US jets hit Taliban on two main fronts
US jets have blasted Taliban strongholds on Afghanistan's two main battle fronts.
Meanwhile the opposition Northern Alliance has chosen its representatives for negotiations to create a broad-based government to replace the Taliban.
The Pentagon has confirmed it lost an unmanned Predator spy plane over Afghanistan, but insisted it was due to bad weather.
It denies Taliban claims to have shot down two US aircraft.
Opposition forces say the Americans struck Taliban tanks and a Taliban hilltop headquarters overlooking the Shomali plain about 30 miles north of Kabul.
Along Afghanistan's other main front - Mazar-e-Sharif - opposition spokesman Ashraf Nadeem says US jets staged "continuous bombing" attacks against Taliban positions in Samangan province.
Opposition forces claim to have seized an outlying district along the Mazar-e-Sharif front in heavy fighting as they pressed toward the city itself. The claim could not be independently verified.

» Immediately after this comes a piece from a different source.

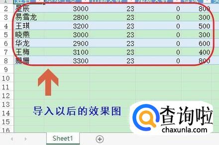 在导入数据的时候,我们只需选择“表”以及确定导入的位置即可,其他的无需做任何改动,下图二就是我们将工资表导入以后的效果图;
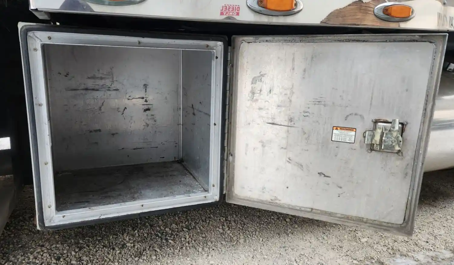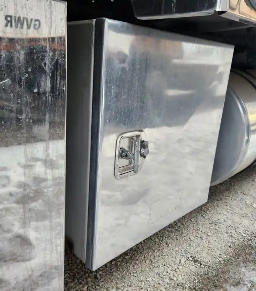 (Used) 2007 Freightliner Columbia 112, TOOL BOX- Side: Passenger Right Side, Color: Silver, Material: Aluminum, Dimensions: L=24", H=24", W=25", Reference images for condition,

Capturing Mazar-e-Sharif will cut Taliban supply lines to the west and enable the opposition to bring in weapons and equipment from Tajikistan and Uzbekistan.
At both fronts, opposition force leaders praised the US air strikes - after days of complaining that the attacks were too weak to dislodge the Islamic militia.
"We are happy. It is very effective," said Bismillah Khan, an opposition commander coordinating anti-Taliban forces at two provinces near the Kabul front.